The Core Game and Command Line UI

One of my favourite computer science / programming books is Peter Norvig’s “Paradigms of Artificial Intelligence Programming: Case Studies in Common Lisp” (PAIP). And the extended Othello example had always fascinated me so when I was looking for something to write to help me learn Clojure it was an obvious candidate: re-write Norvig’s Othello in Clojure.

This is the result, it takes you up to the end of Section 18.2 of the book, which includes the core game and one simple strategy that makes random moves. In translating it into Clojure I tried to keep it as identical to the original except where Clojure (a Lisp-1) makes it easier to write in a different way from Common Lisp (a Lisp-2).

I used idiomatic Clojure and made use of the most appropriate Clojure data structures: arrays, sets and maps rather than lists. I did make three changes from the original:

• The original used a list for the board. I use an array of arrays.
• I split one of the original functions, get-move, because the original actually both got the move from the strategy and also made the move.

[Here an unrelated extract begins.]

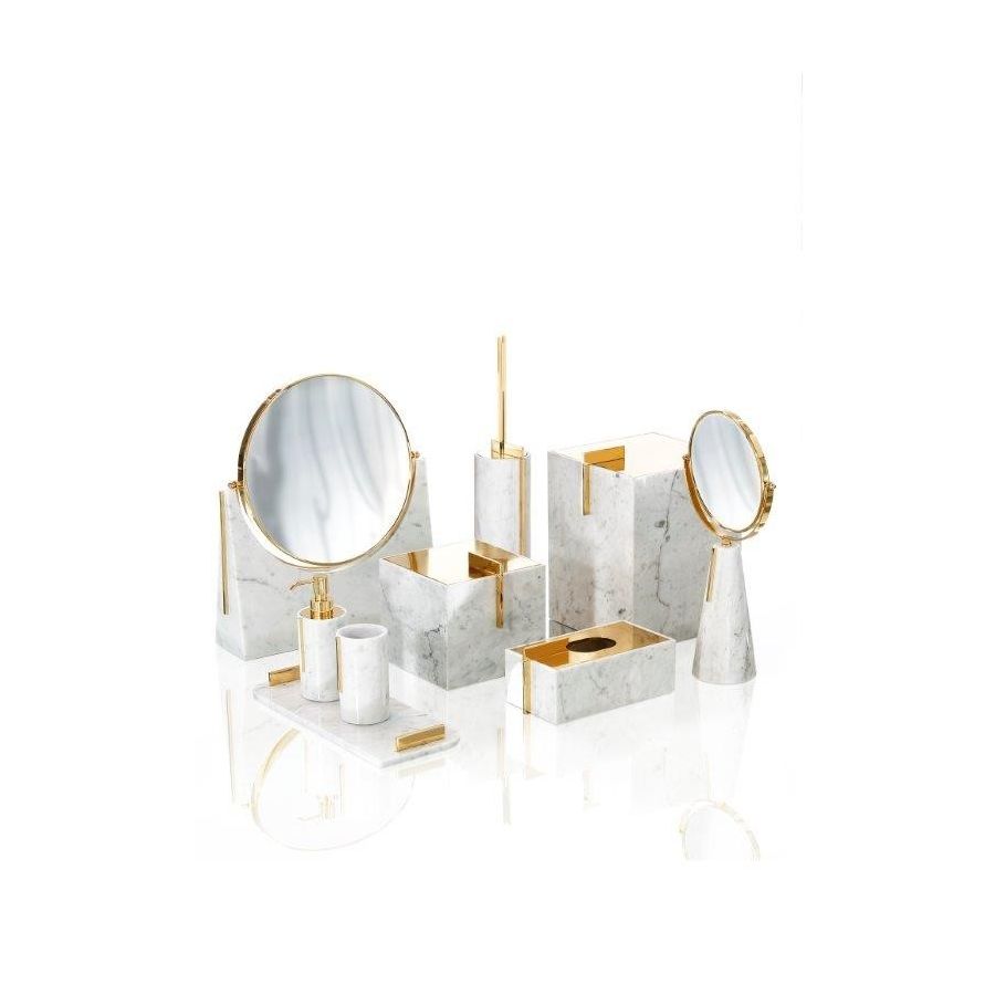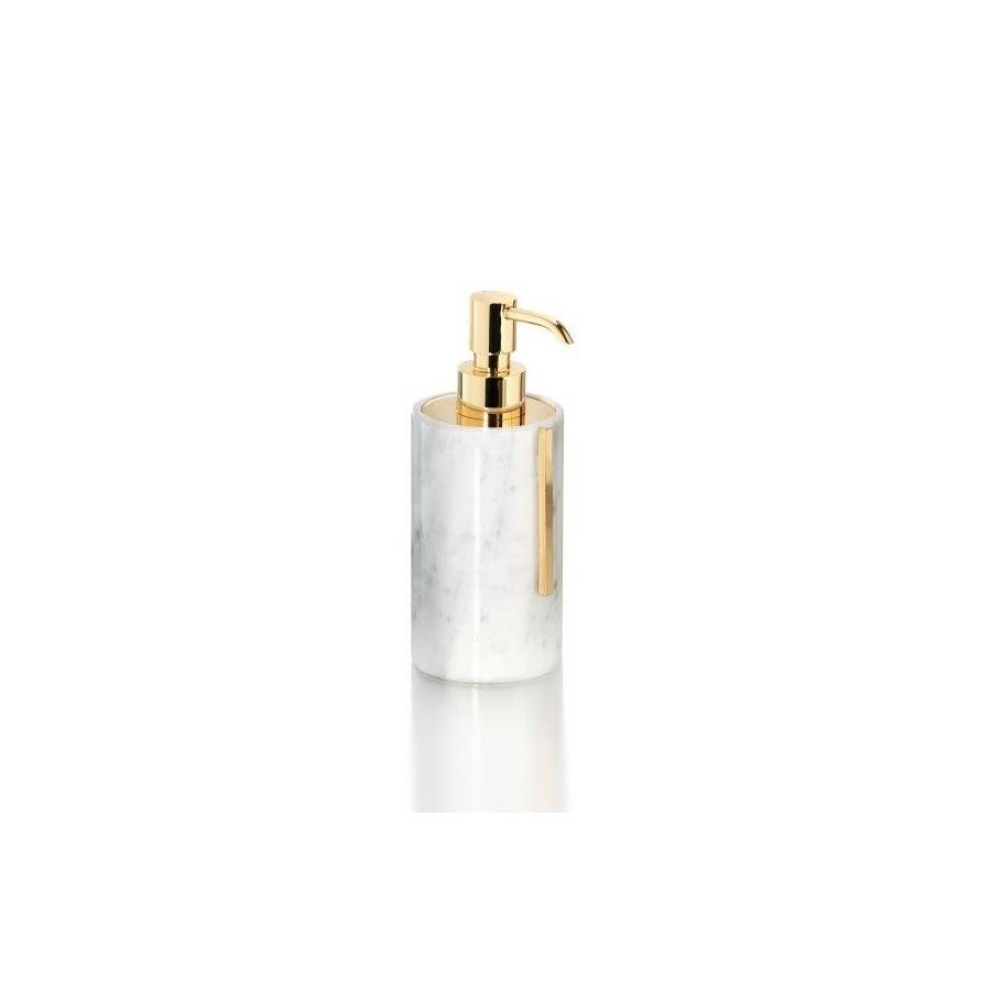 Soap Dispenser in Carra Marble decorated with gold brass element. Functional elements that create an extremely elegant, welcoming and high-value bathroom.

So I split it into get-and-make-move and get-move, which just gets the move from the strategy.
• The third change was not to use a function to generate the starting board but instead defined it by hand as I think this makes it easier to understand.

Finally, Common Lisp uses mutable data structures whereas Clojure’s are immutable. So this changed the copy-board strategy used by the PAIP version: in Clojure you don’t need to make explicit copies, that’s the default behaviour.

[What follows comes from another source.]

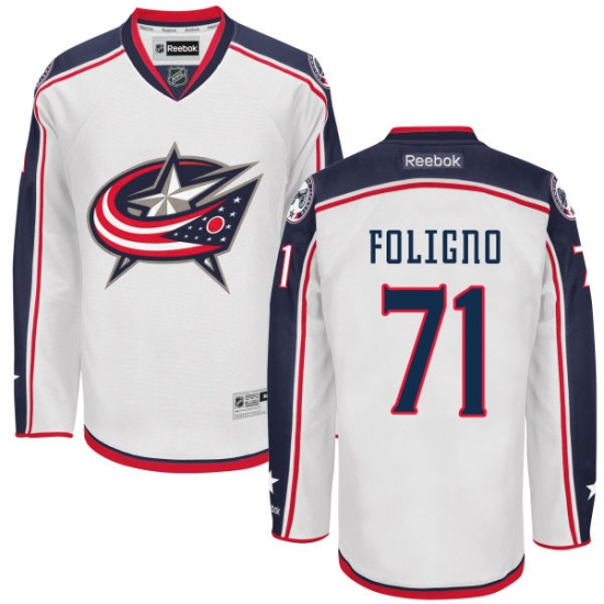 Home>NHL>Columbus Blue Jackets>Nick Foligno>Men's Reebok Columbus Blue Jackets #71 Nick Foligno Authentic White Away NHL Jersey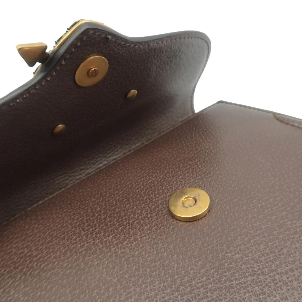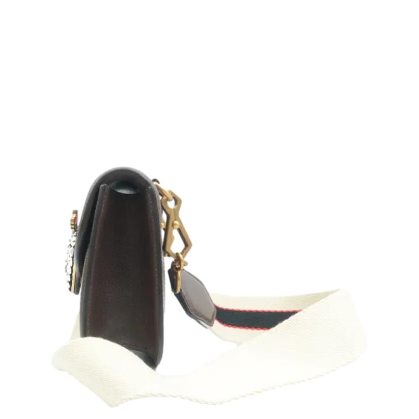 GUCCI Jeweled Heart Leather Totem Crossbody Bag Brown 500756

I’ve generally written ‘idiomatic Clojure’ but because my code is still evolving (there’s a lot more Othello still!) and because I generally prefer to avoid syntactic sugar (even if the result is greater conciseness) in favour of simplicity and obviousness I’ve generally, but not always, avoided the compound macros like if-let.

I’ve left in the forms I used whilst developing and testing the code (commented out, rather than using the #_ reader macro). Note that some of the variables’ names changed during development so some of the earlier testing code might still use the old names.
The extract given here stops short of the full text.